Any Arduino wizards out there? / FSR bed leveling

Heyo!

I’m working on something pretty awesome that I think you guys will get a kick out of. As you may know, we’re hard at work on a new printer codenamed Azalea (http://devel.lulzbot.com/Easy_TAZ_Mini/Azalea); the goal is to produce TAZ quality parts with as little calibration and fiddling as possible.


We’re currently going down a couple of routs for the bed leveling, but my favorite by far is a force sensitive resistor (FSR) based system. It’s clean, adds no additional moving parts and will completely get rid of the probe to nozzle offset calibration that plagues other bed leveling systems. Here’s a setup pretty similar to what we’re working on: http://www.youtube.com/watch?v=HcnhCNh2Ln4


We’ve got the mechanical components pretty well nailed down, and as always the development source is openly available: http://devel.lulzbot.com/Easy_TAZ_Mini/autolev/. In order to avoid mechanical calibration of the FSR sensitivity we’re looking at using one of the extra thermistor ports to read the resistance of the FSR’s, rather than the Z endstop pin.

On the firmware side, I’m getting tripped up trying to get the firmware to recognize a drop in the readings from thermistor port 3 as a Z-home indication (nozzle touching glass=homed in z). Anyone interested in helping out with the firmware tweaks? You’ll definitely earn my eternal gratitude (and possibly some Lulzbot schwag :slight_smile:)

More updates to come
-bam

Very interesting looking! Unfortunatly, the arduino side is where I’m weakest so I won’t be of much help. Hopefully someone can help you get it working though!

Super easy way of accomplishing this is with a little hardware. A simple comparator would just require an opamp, some resistors, and a potentiometer, possibly a couple caps to filter out some noise. With the comparator, the z endstop pin could be used.

How bad will heat affect the resistance? Will the readings tend to drift over time?

Thanks man!

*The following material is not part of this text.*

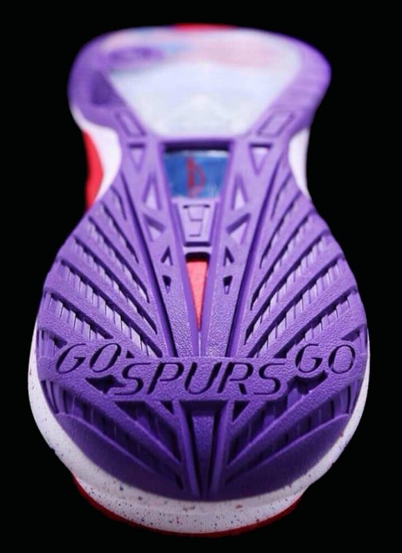 At the end of January, we saw the first images of the PEAK Tony Parker “All-Star” shoes, and now it’s game time! With the NBA All Star Game coming up this weekend, we’re getting some more close ups of this new release. The PEAK Tony Carter “All-Star” come in a all red upper, or purple/silver combo, with an intricate graphic print on top. Branding is red, located on the heel. “GO SPURS GO” is engraved on the bottom of the soles, as well for all you fans! We likey. You guys feeling these? (Photos via Project Spurs)

It’s going to be pretty sweet, hopefully something we can retrofit to a full size TAZ :sunglasses:

We’re looking into this, but want to see if we can accomplish it in the firmware without adding any more hardware. Also, from what I’ve seen, the actual readings form most FSR’s aren’t terribly consistent and do change with heat and age. I’m thinking that a firmware fix could be adaptive so that if the FSR’s change over time (thermal changes, get lulzjuice spilled on them, etc) they’ll still work without you needing to fiddle with the bed sensitivity knob.


I think it’d be more reliable in the long temp to have a system that will take the average of 15 or so readings as a baseline as it starts to home or probe the bed, then register a set drop (30% seems attainable) as a Z-min limit. We’d need to chose a drop that’s outside of the normal fluctuations of the fsr’s as the bed moves, but small enough that we can reliably register a nozzle touch before the nozzle pushes the bed down too far. This shouldn’t be too bad once we’ve got a starting point in the firmware :slight_smile:

Heyo

After a chat with the awesome people of sparkfun, we had our doubts about the longevity of the force sensitive resistors.

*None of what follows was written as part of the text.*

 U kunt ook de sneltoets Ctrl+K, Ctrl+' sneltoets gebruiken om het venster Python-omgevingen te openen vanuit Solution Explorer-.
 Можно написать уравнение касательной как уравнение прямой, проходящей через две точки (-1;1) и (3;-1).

Luckily, we’ve begun work on a super elegant solution. We’re replacing the bed fingers (little tabs that hold down the corners of the bed) with metal bits of a known thickness - shim washers in this case. We then wired the 5v side of the Z endstop to the nozzle and the ground to the bed.

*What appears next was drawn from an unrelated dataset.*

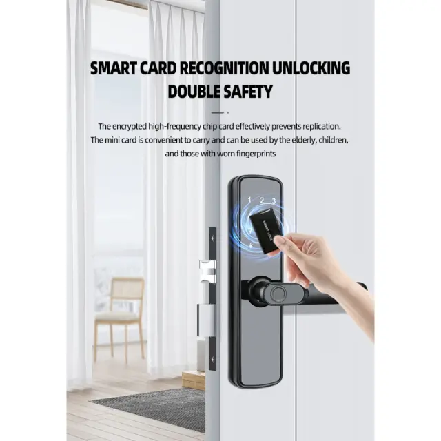 Pametna Ključavnica za Vrata: APP, Geslo, Kartica & Ključ - Tuya Združljiva

Check out the images and videos of the probing sequence at http://devel.lulzbot.com/Easy_TAZ_Mini/Azalea/autolev/Budaswitch

There’s development firmware up as well if you’re inclined to give it a try :slight_smile:

More to come
-bam

I’ve seen this form of homing / leveling before. The issues come into play when your nozzle is covered in plastic mostly :slight_smile:

Ya, we’re likely gonna add a wire brush or similar to clean the nozzle too. This will be nice in general, but needed here.